[Items from a dataset]
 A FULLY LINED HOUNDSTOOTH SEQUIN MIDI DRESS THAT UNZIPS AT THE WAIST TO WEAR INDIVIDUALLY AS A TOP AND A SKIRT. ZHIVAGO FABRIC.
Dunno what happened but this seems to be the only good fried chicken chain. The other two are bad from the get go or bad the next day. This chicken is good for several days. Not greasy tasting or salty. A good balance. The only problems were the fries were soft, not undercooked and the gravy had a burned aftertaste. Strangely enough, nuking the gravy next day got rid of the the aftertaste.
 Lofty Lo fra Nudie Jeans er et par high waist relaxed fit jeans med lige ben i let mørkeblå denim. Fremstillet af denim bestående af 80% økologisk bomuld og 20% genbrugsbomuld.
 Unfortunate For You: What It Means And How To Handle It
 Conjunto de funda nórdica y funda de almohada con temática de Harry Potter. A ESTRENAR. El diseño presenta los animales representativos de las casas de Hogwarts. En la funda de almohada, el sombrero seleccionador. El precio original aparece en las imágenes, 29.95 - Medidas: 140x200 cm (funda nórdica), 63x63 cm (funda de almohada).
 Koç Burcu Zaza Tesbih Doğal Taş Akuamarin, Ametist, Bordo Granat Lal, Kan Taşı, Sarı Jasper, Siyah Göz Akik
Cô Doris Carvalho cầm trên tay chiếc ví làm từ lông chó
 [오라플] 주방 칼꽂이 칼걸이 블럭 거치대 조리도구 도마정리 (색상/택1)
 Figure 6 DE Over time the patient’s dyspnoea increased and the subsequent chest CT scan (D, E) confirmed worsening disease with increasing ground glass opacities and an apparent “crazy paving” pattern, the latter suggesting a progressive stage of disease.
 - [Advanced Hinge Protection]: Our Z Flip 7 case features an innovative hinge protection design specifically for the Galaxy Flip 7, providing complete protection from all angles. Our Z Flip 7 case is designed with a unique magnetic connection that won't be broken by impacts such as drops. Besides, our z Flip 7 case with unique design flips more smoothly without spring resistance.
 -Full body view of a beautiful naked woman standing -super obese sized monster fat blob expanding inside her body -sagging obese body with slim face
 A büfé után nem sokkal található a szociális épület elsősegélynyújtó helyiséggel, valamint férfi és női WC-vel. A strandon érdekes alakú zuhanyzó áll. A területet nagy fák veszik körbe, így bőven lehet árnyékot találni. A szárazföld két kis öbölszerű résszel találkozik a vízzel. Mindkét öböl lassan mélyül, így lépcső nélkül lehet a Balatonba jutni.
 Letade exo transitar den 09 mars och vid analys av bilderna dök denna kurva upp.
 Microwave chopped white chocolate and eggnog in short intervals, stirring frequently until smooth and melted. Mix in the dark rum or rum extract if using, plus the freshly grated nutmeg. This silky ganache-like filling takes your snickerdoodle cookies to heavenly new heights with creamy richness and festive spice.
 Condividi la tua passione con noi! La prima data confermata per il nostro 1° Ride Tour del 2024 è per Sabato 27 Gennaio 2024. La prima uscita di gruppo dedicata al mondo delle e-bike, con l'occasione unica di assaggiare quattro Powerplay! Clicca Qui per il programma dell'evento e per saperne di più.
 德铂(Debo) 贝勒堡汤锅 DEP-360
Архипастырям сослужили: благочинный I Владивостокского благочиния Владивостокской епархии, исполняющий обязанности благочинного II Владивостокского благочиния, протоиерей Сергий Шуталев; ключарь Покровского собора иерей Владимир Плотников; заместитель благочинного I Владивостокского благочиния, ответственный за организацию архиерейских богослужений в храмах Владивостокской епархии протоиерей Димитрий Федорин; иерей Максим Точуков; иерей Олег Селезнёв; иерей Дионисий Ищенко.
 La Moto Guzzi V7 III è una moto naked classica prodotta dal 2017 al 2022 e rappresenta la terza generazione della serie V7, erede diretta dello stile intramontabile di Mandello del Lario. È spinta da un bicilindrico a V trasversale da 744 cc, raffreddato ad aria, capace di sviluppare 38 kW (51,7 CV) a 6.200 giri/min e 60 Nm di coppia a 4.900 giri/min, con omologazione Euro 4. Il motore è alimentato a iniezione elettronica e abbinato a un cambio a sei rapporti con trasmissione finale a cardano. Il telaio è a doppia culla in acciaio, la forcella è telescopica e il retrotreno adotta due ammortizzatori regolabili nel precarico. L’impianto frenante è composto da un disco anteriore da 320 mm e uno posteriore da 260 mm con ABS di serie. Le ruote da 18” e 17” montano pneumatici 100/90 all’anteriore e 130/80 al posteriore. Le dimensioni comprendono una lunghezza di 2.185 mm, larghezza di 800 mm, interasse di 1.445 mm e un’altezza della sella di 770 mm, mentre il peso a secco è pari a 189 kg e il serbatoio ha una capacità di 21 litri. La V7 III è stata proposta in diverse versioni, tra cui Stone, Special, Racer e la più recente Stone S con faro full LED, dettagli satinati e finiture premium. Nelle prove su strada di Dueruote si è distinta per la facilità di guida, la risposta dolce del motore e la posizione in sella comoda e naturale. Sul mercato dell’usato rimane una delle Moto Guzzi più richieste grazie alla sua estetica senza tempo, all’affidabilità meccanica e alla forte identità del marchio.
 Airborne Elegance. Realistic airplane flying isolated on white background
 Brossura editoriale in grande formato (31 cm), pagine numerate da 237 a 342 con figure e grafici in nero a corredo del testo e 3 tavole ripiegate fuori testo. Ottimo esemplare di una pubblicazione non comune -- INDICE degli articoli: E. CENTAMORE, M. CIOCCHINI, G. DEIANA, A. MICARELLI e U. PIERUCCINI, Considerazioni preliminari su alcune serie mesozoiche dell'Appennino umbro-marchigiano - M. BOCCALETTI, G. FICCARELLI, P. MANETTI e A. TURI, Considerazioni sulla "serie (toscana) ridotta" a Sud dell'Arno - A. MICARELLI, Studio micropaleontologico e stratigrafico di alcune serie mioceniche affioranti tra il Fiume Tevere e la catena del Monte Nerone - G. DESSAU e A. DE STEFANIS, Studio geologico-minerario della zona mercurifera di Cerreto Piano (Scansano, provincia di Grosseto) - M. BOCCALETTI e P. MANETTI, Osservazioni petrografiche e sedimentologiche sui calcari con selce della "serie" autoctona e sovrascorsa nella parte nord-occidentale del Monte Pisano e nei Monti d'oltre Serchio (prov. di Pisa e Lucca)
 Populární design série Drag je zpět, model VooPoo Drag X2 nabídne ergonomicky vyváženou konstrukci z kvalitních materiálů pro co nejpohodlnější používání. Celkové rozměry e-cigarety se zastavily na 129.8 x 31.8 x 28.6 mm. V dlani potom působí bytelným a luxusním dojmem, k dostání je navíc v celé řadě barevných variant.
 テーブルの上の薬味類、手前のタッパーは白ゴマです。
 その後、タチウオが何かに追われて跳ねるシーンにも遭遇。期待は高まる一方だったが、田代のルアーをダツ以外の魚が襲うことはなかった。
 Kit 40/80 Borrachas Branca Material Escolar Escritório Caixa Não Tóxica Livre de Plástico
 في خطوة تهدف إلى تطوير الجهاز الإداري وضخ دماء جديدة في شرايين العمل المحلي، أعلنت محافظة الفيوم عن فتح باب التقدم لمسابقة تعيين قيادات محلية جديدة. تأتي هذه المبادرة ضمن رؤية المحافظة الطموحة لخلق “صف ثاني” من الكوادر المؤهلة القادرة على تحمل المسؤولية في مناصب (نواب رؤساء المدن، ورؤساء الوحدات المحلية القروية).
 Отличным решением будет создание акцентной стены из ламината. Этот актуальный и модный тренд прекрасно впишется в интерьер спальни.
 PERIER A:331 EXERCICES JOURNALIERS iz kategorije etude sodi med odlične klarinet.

Work item -
Copy nothing beyond the line containing "Dunno what happened". Transcribe exactly from the first line of the entries down to that line, inclusive.

Task solution -
 A FULLY LINED HOUNDSTOOTH SEQUIN MIDI DRESS THAT UNZIPS AT THE WAIST TO WEAR INDIVIDUALLY AS A TOP AND A SKIRT. ZHIVAGO FABRIC.
Dunno what happened but this seems to be the only good fried chicken chain. The other two are bad from the get go or bad the next day. This chicken is good for several days. Not greasy tasting or salty. A good balance. The only problems were the fries were soft, not undercooked and the gravy had a burned aftertaste. Strangely enough, nuking the gravy next day got rid of the the aftertaste.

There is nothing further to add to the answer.